Since 1973, in mid-July the rhythms of jazz, R&B, soul, Gospel, swing, Latino, zydeco, bebop, tango, blues, samba – to mention a few – fill frescoed Perugia theaters, reverberate off the walls of its stately medieval city hall and wrap around the Gothic sculptural masterpiece, the 13th-c fountain, in the main piazza. Yes, things are cooking in Perugia this week giving the city the redoubtable honor of being the hottest city in Italy – but Herbie Hancock, Santana, Prince, Liza Minelli, Gilberto Gil, B.B. King and countless other top musicians – are doing the cookin’…and the rockin’ fans filling the piazzas and streets are feeling a different kind of heat.

From just after high noon on til midnight, free music in the streets and piazzas animates this provincial capital of Umbria as Umbria Jazz takes over (this year July 8 to 17) . Paid events include jazz apertif in the elegant (air-conditioned!) Hotel Brufani and jazz lunches and jazz dinners in local restaurants where top musicians entertain diners. But most of the throngs are in the streets, snacking at food tents, following with enthusiasm the Florentine brass band Funk Off (what moves with what music!) – or catching other magnetic performers like Umbria Jazz favorite Rockin’ Dopsie and the Zydeco Twisters from New Orleans on one of the two outdoor smaller stages. The Umbria Jazz performers love the Italians: Rockin’ Dopsie once told me, “We don’t get this kind of a reception in New Orleans!”

Carlos Santana is back!

Carlos Santana is back!

Over eight-thousand filled the Santa Giuliana arena last night, giving their all to Santana – and mamma mia/wow, he and his group gave it right back, carrying the crowd like a rolling wave – always about to crest – for three hours. Pino and I were there. Santana was a protagonist of the San Francisco musical scene during my student years at Santa Clara and then Berkeley so his concert transported me with full force into so many memories. Pino too, though, was carried on the wave as were thousands of other Italians: teens and university students, young professionals, older nostalgics, all singing along and dancing to “Black Magic Woman, “Oye Come Va”, “Maria, Maria”. Carlos Santana knelt at the end, hands folded, head bowed in tribute to his appassionato public.

Footnote: I was outside the press room door yesterday at the Hotel Brufani when Carlos Santana was being interviewed.

No luck with a photo, though: they spirited him out of the building afterwards via the garage, deluding the waiting fans outside.

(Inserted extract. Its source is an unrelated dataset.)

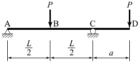 다음 내민보에서 B점의 모멘트와 C점의 모멘트의 절대값의 크기를 같게 하기 위한 L/a의 값을 구하면?

I would have loved to ask him a question: “Mr. Santana, did you know that in 1973, you caused a young 4th-grader to skip his homework?” That young boy was Trent Miller, son of Steve Miller (Steve Miller Blues Band) and I was student teaching at Rooftop School in San Francisco where he was a student (in the same class, Gio Coppola, son of the director). My turn to collect and review student homework one morning. Trent – an excellent student – had nothing to turn in. To my question of “Why not, Trent?”, he answered, “Miss Robichaud, too much confusion at our house last night – Santana was over jamming with my dad”.
I decided his excuse was too good not to be true.